Correlations between the dependent and independent sets were used to determine which color patterns were associated with which environmental variables. Identification of predictive relationships between sets was accomplished by evaluating the standardized regression coefficients and their respective P values for relationships among variables between the dependent and independent sets.
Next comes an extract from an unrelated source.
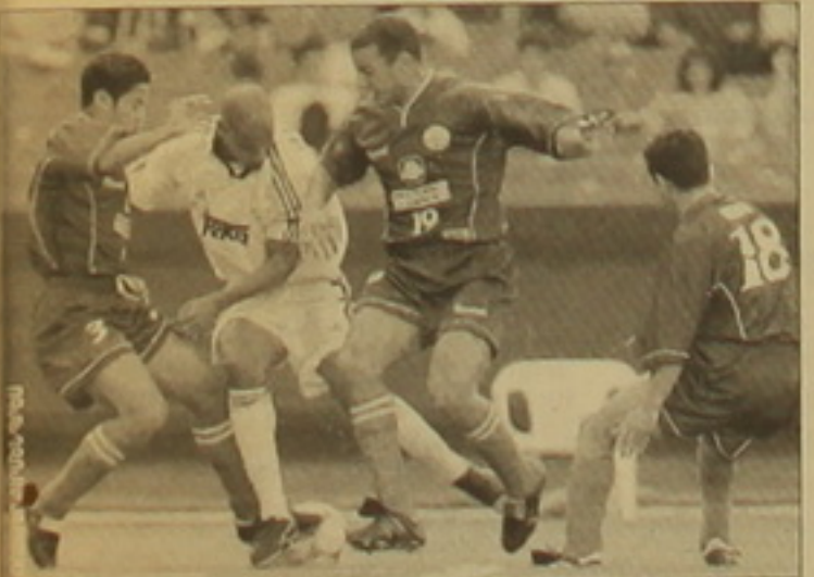
Պաի «Ռեալ» - «Ուզա» հանդիպումից

Բազմիշխյուն անցկացվող ակունբային թիմերի առաջնությունում որոշվեց եզրափակիչ խաղի առաջին մասնակիցը: Դա բրազիլական «Կորինտիանսն» է, որ խմբային մրցաշարի վերջին տուրում 2-0 հաշվով հաղթեց Մաուրոյան Մարադոնայի «Ալ Լասր» թիմին: Հաջիվը խաղի 25-րդ րոպեին բացեց Ռիկարդիոյն, իսկ 82-րդ րոպեին կրկնադասակեց Ռիկարդոն: Հենց այս հաշիվն էր բավարարում բրազիլացիներին, քանի որ նրան գնդակներ

Canonical correlations between sets were generated from the rotated canonical factors for both the independent and dependent sets.
Because of the estimation process used to generate some of the depth data, I used the semipartial correlation of known versus estimated depth data type with the independent set of variables, yielding an X semipartial correlation [43]. Partialling, which is a generalization of residualization procedures common to multiple regression and correlation, allows one or more variables to be “partialled out” of either (or both) the dependent or independent sets, thus creating a new set (or sets) in which the variables have zero correlations with the original set (or sets) [42]. This procedure helps to minimize any possible spurious effects of the estimation of depth data and has the further effect of reducing error variance, thus increasing statistical power [42, 43]. In this case, the Systat created a dummy variable for depth data type, giving a value of 1 or 0 for known or estimated data, respectively, and then performed the partialization on the independent set [43]. Thus, partialling the independent set by the type of depth data removed any effects of estimating the depths of the various Labeotropheus populations.
3. Results
The overall analysis is significant and robust (Rao's F32, 219.2 = 5.459; P ≤ .001) and only slightly affected by shrinkage (R2 = 0.881; shrunk R2 = 0.803).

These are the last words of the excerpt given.